At any moment a terrorist attack could incapacitate one of America’s seaports. These potential targets serve as hubs of commerce and trade crucial to the nation’s economy. In recent years, the need for improved port security has become profoundly obvious to not only savvy security professionals, but the average citizen. Unfortunately, finding a way to pay for much-needed upgrades has been sorely lacking. That is why the Security Industry Association (SIA) made fully funding the $400 million in Port Security Grants, authorized by the 2006 “Security and Accountability for Every (SAFE) Port Act,” one of its top 2008 legislative priorities.
Grants for Post Security ImprovementsEstablished in 2001 by the Department of Homeland Security, the Port Security Grant Program provides funds for port facilities to strengthen security and comply with new federal mandates. In 2006, Congress saw the program was severely under funded and that an attack on our ports would cause great loss of life, damage our energy supplies and infrastructure, and hamper our ability to move and supply American military forces. To rectify the situation, Congress passed the SAFE Port Act. This landmark legislation authorized $400 million annually for five years for port security grants.
The importance of this bill was underscored by congressional testimony offered by Susan Monteverde, vice president of The American Association of Port Authority’s (AAPA), who stated, “One of the key things impacting the ability of ports to keep up with their growing trade volumes is the high cost of hardening their facilities against terrorism. When the nation’s ports have to divert their limited resources to pay for security measures, it can impact their ability to make the necessary investments to handle the rising volume of trade.”
Increasing the Money SpentAlthough the SAFE Port Act authorized $400 million for port security grants, in the FY2008 budget submission to Congress, President Bush only recommended the program be funded at $210 million. SIA worked aggressively with key members of Congress, such as Reps. Loretta Sanchez (D-CA) and Dave Reichert (R-WA) and Sens. Norm Coleman (R-MN) and Joe Lieberman (I-CT), to build awareness of the challenges facing ports and the need for increased federal funds. As a result, the full $400 million was included in the FY2008 Omnibus Appropriations Bill passed by Congress.

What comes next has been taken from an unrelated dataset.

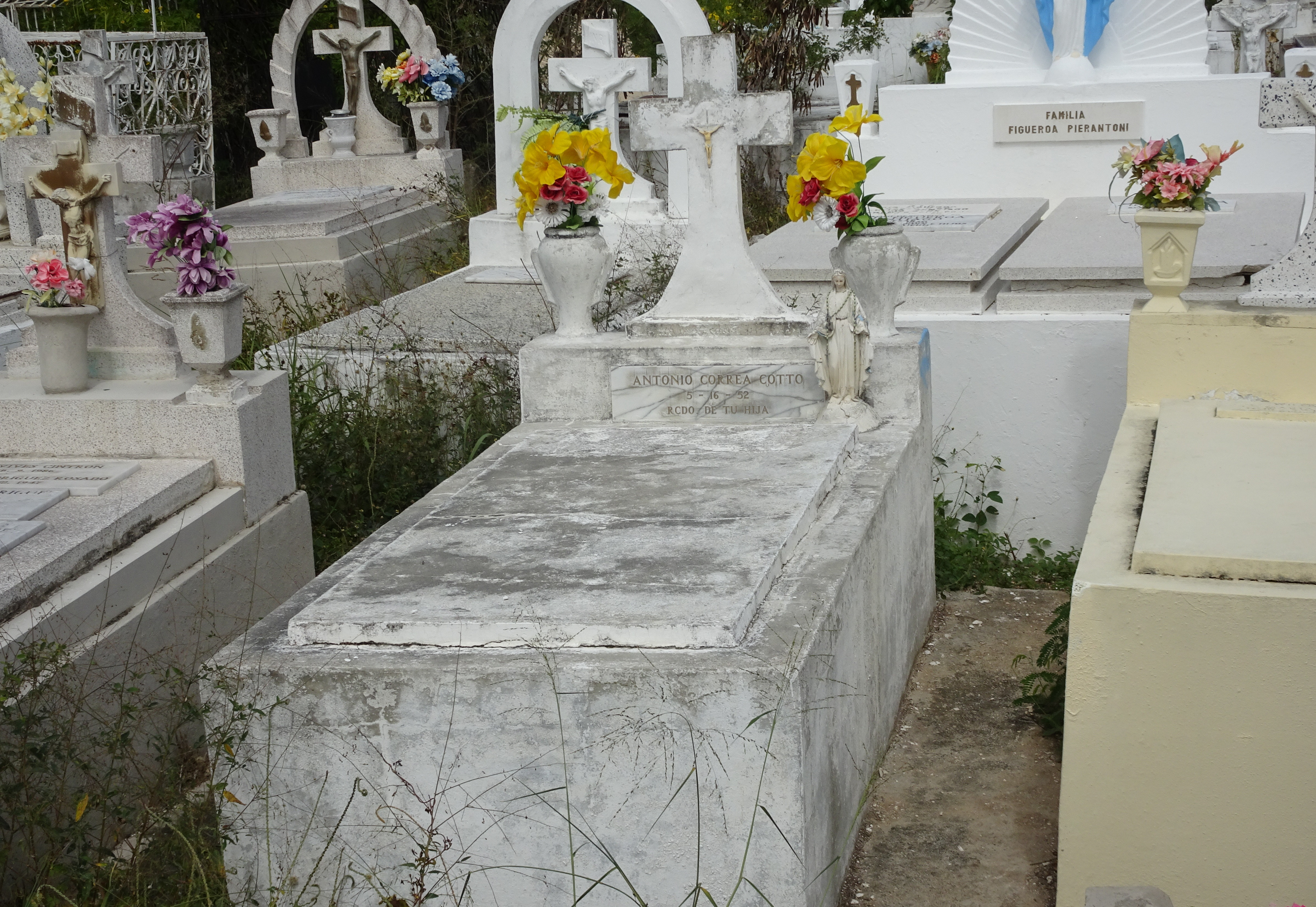 Tumba de Antonio Correa Cotto, Cementerio Civil de Ponce, Bo. Portugués Urbano. Ponce, PR, mirando al norte (DSC02807B)

We are pleased that our efforts resulted in hundreds of millions in new grant dollars that can be spent on security products and services including fencing, CCTV and digital video devices, access control systems, explosive device mitigation equipment, and radiological or chemical detection devices. Most notably, the grant monies can be used to purchase equipment to implement the Transportation Worker Identity Credential (TWIC).
SIA will continue to advocate for federal grant programs, like Port Security Grants, that help secure our nation’s critical infrastructure. These programs are not only good for the industry and the end users; they help keep our ports and the people living in the neighboring communities, safe from terrorist attack. To learn more about SIA’s government relations activities, visit www.siaonline.org.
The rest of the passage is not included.